Tertullian reports in his polemic against Marcion's Gospel how Marcion himself complaint about those who must have nicked his text, plagiarised and published it, even before he himself could do so:
How absurd it would be that when we have proved ours the older, and that Marcion's has emerged later, ours should be taken to have been false before it had from the truth material, and Marcion's be believed to have suffered plagiarism through ours [Luke, or Matthew] before it [= Marcion’s] was even published:[1]
This most important information of Tertullian has so far, if I am not mistaken, never been picked up by any scholar: Tertullian reports that Marcion – apparently still in his Antitheses – did explain that Luke (or is Tertullian referring this to Matthew?) was ‘plagiarism’ (aemulatio) of his own Gospel, and, even more importantly, that this plagiarism occurred even before Marcion had edited and published (editum) his own Gospel – which he seems to have done in conjunction with the Antitheses in which he drew attention to the unauthorised publication of the appropriated, interpolated and judaized version of his own Gospel.
From this information we have to draw that we are dealing not with only one version of Marcion’s Gospel, but with two different editions and possibly recensions!
The first was the unauthorised version of the Gospel which ‘suffered plagiarism’, must have gone out of the circle in which Marcion had distributed it, it was copied and altered. The text of this edition/recension which was obviously only intended for internal use, a so-called 'memorandum' or 'apomnemoneuma' can no longer be retrieved.
The second recension, the edition of which was undertaken by Marcion himself. In this Marcion responded already critically to the plagiarised version of his first edition, hence took notice of and potentially may have also revised his previous recension. Calling the altered version a ‘copy’, Marcion certainly acknowledged that the plagiarised product was based on his own, older text. The reason for himself to formally publish his own version, was of course the challenge by the plagiarised version. And in order to defend his own product, he added first the Antitheses and combined the Gospel with the ten Pauline letters, certainly not, as we can learn from this process, because he wanted to evangelize the world – and he certainly had never dreamt that his initial work would be further copied and eventually lead to the fourfold New Testament (and to harmonizations of it). Instead, his publication was a direct reaction against the case of plagiarism in self-defense. When Geoffrey M. Hahneman in his book on the Canon Muratori states that ‘Marcion’s basic intent appears to have been to recover a lost tradition’, we can certainly agree, but the quoted text of Tertullian goes against his further view that ‘there is no direct evidence that Marcion knew or excluded other gospels. So far as is known, Marcion never polemized against the other gospel traditions.’[2] Although we are not aware that Marcion knew of more than the one plagiarism, we do not know whether he is talking about Luke (it could also be Matthew, as Tertullian calles the latter often ‘our’ Gospel) or another version. Having said that Marcion, according to the above quote, was highly critical of the copy made of his Gospel, to the extent that he wrote his Antitheses and published his New Testament, the question still needs to be answered whether Marcion intentionally excluded other writings, as Tertullian claims (disallowing Rev., 1-2Tim., Tit.[3]), and thought of his New Testament as a ‘closed’ collection. If, what would need further research, later Marcionites altered and broadened Marcion’s text, we may have to do with a collection that was meant to be ‘specific’ but not ‘fixed’.[4]

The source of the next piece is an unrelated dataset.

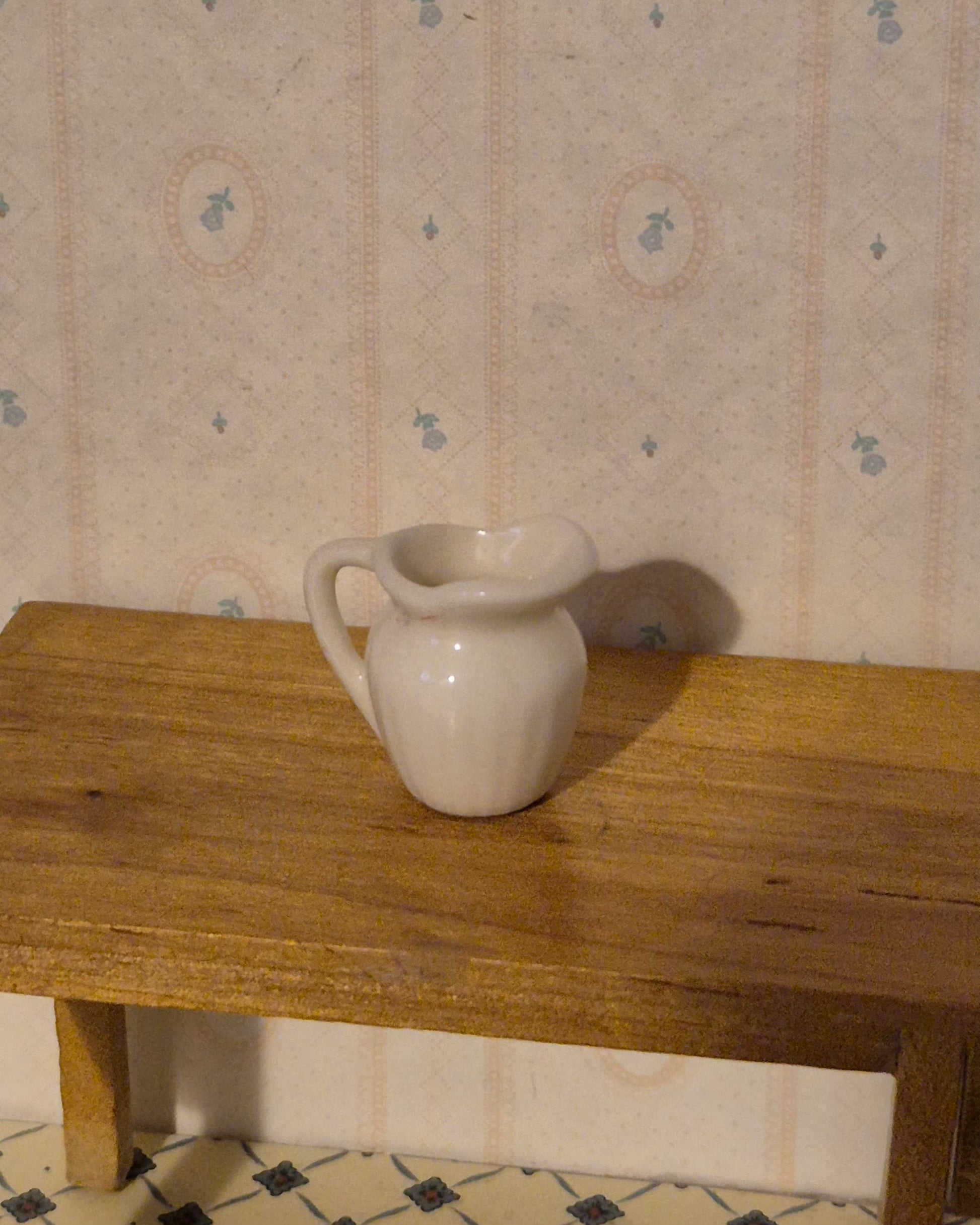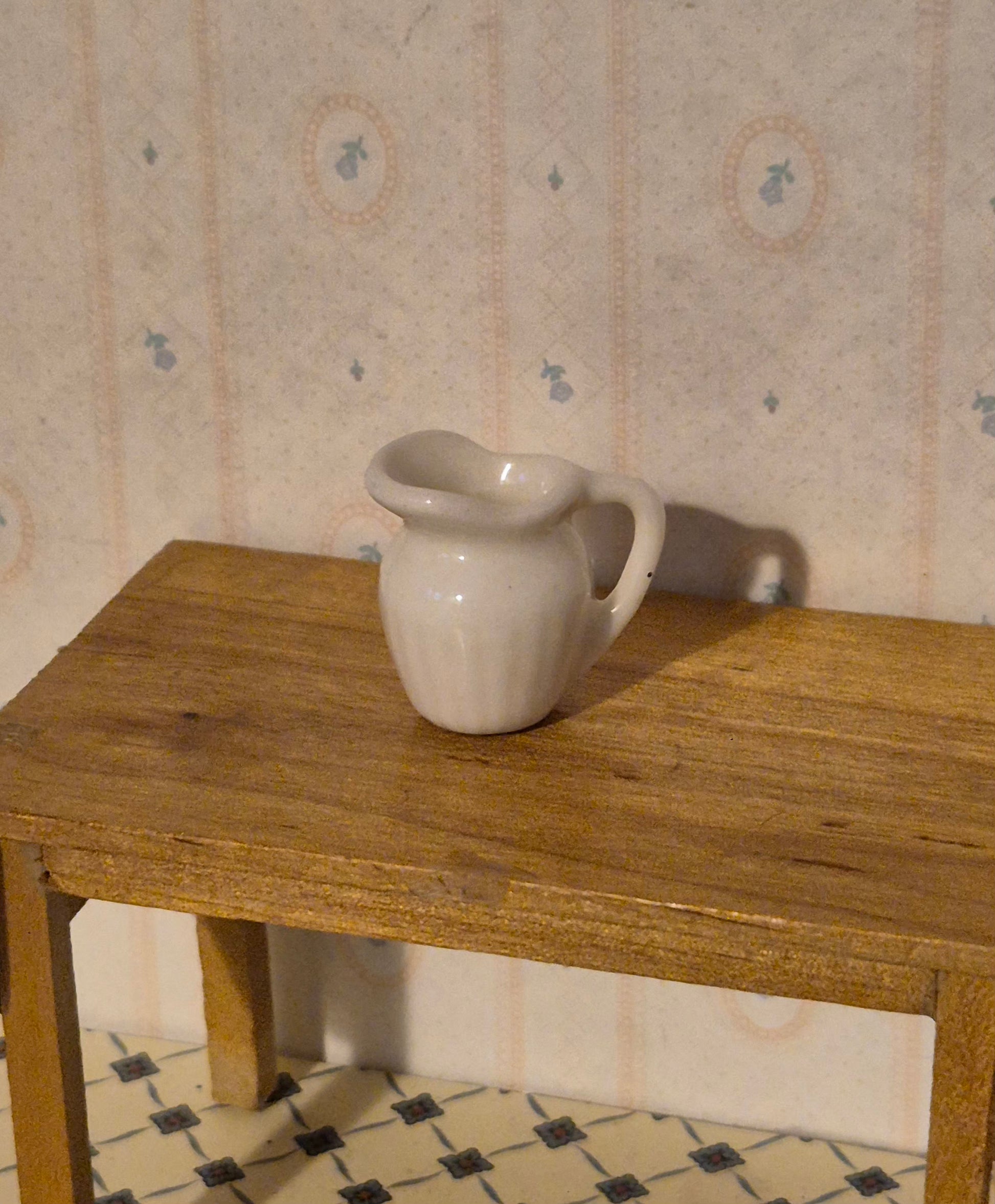 Pæn hvid porcelæn kande med riller, pæne detaljer. God stand. Str 1:12.
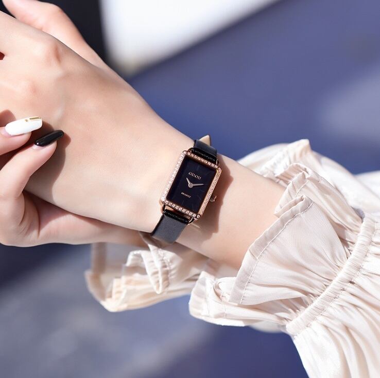 GUOU 腕時計 時計 レディース 女性用 ウォッチ セレブ 人気 クリスタル アクセサリー ラッピング無料 かわいい おしゃれ ゴールド ブレスレット 旅行 イベント 長方形66635

As Tertullian begins his own commentary of Marcion’s Gospel with reference to Marcion’s Antitheses which Marcion has added to the second recension, his publication of the Gospel, he had only knowledge of this second recension.
[1] Tert., Adv. Marc. IV 4,2: ‘Alioquin quam absurdum, ut, si nostrum antiquius probaverimus, Marcionis vero posterius, et nostrum ante videatur falsum quam habuerit de veritate materiam, et Marcionis ante credatur aemulationem a nostro expertum quam et editum.’
[2] G.M. Hahneman, The Muratorian Fragment (1992), 91.
[3] See Tert., Adv. Marc. IV 5,2; V 21.
[4] This differentiation in G.M. Hahneman, The Muratorian Fragment (1992), 91f. (ibid. more about later Marcionites).